**Task to carry out**
Take the lines from the beginning of the material through the line containing "Interior of a" and retype them exactly, leaving the pictures out.

**Records shown**
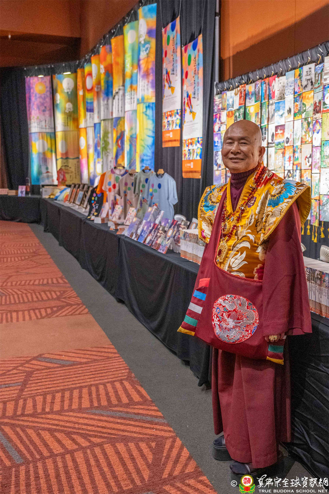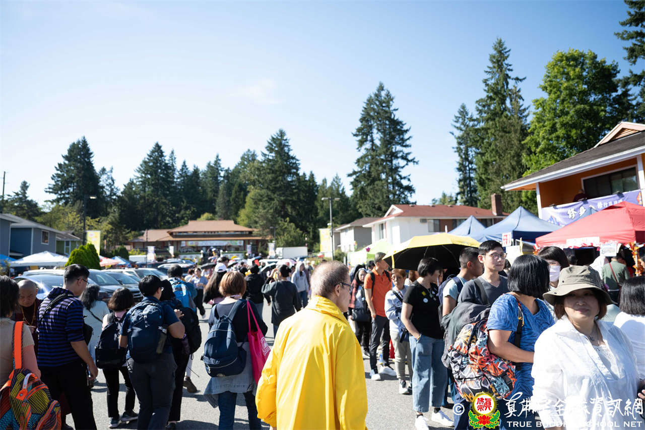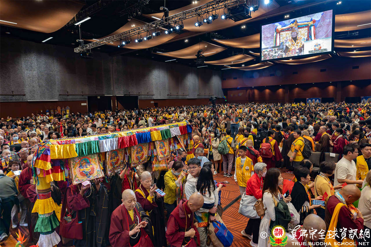 是日上午,自世界各地前來朝聖的弟子們歡喜相聚於會場,各攤位的佛具琳瑯滿目,吸引眾人圍觀選購,熱熱鬧鬧,人山人海,如同嘉年華會。
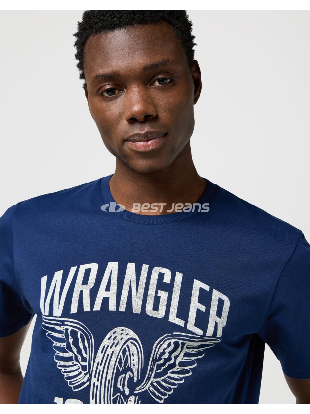 Pánské tričko Wrangler s krátkým rukávem s velkým potiskem. Z nekrčivé látky Heavy Jersey o vyšší gramáži.
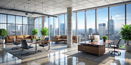 Interior of a modern office building with sleek furniture and large windows, office, modern, interior, building
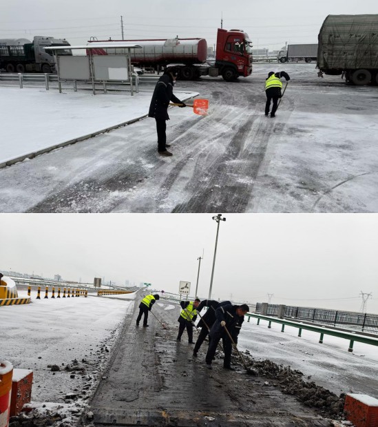 此次行動嚴格遵循“先保通、后保暢”和“除雪為主、融雪為輔”原則,人員、物資、機械設備提前部署就緒。引導車、大型專業(yè)鏟雪作業(yè)車、融雪劑撒布車、預警車組成作業(yè)梯隊,有序開展聯合作業(yè),重點對橋面、互通匝道、彎道等易滑路段加大融雪物資撒布量,并駐人盯防強化處置效果。各收費站率先開展人工除雪,全面清理車道、廣場及站區(qū)積雪,同時安排人員前置指揮疏導限行車輛、引導車流有序通行,提升通行效率;道路養(yǎng)護中心隨后對收費站內外廣場、匝道口等關鍵區(qū)域開展深度鏟冰除雪,徹底消除安全隱患。
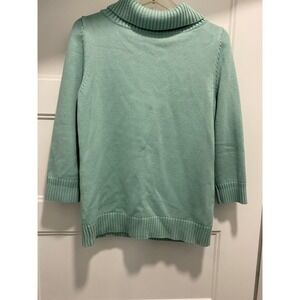 Keywords: Talbots sweater, cowl neck, 3/4 sleeve, knitwear, lightweight sweater, aqua blue, casual top, office attire, pullover, fall fashion, winter essential, preppy

**Task output**
 是日上午,自世界各地前來朝聖的弟子們歡喜相聚於會場,各攤位的佛具琳瑯滿目,吸引眾人圍觀選購,熱熱鬧鬧,人山人海,如同嘉年華會。
 Pánské tričko Wrangler s krátkým rukávem s velkým potiskem. Z nekrčivé látky Heavy Jersey o vyšší gramáži.
 Interior of a modern office building with sleek furniture and large windows, office, modern, interior, building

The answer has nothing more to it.